The programme features Charles Chaplin in two films, the first of which is a collection of excerpts from his earliest films, showing his development to the familiar Charlie we all know so well. The other, “Shoulder Arms,” is a shrewd satire on war and Army life, and is considered by most authorities to be his masterpiece.
Also from the U.S.A. comes “The River” one of the finest documentary films ever made in that country. The U.S.S.R. is represented by two sequences from “The General Line,” the theme of which is the mechanisation of agriculture and the winning over of the Russians to the new techniques involved. Artistically, it is one of the finest films made in any country during the silent era.
From Germany there comes a version of the life of Rembrandt, and “Brahms’s Hungarian Dance,” which is an early attempt to interpret music in terms of moving visual patterns, thus anticipating Disney’s “Fantasia” by several years.
British sound films include “The 39 Steps,” the magnificently photographed version of John Buchan’s adventure novel, and the well-known documentary “Cyprus is an Island.”
Finally, “The Life of Charles Peace,” made in 1905 (with which is linked the name of Walter Haggar), is the earliest surviving example of the one-reel story film. Its primitive simplicity contrasts markedly with the “slickness” and tempo of modern productions and indicates the tremendous progress made of the technical side at least, in cinematographic art during the past half century.

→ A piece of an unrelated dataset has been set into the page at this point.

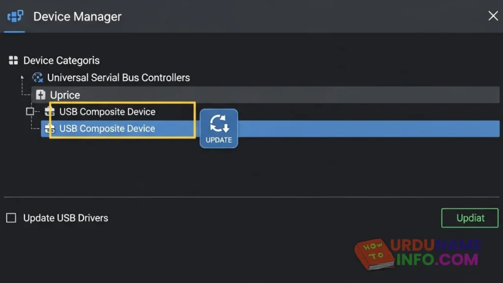 Open Device Manager and look for any USB device with a warning symbol. Updating or reinstalling the driver usually fixes the issue.

The season’s programme is as follows: September 14 (this evening), “Vivere in Pace,” and Chaplin’s early films; October 12, “Rembrandt,” and “Life of Charles Peace;” November 9, “Shoulder Arms,” “Brahms’s Hungarian Dance,” “General Line” (excerpts), and “Cyprus is an Island;” December 14, “The 39 Steps,” and “The River.” Membership tickets (7/6 each), can be obtained from Mr. T.J. Evans, B.Sc., 4 Broniestyn Terrace, Trecynon.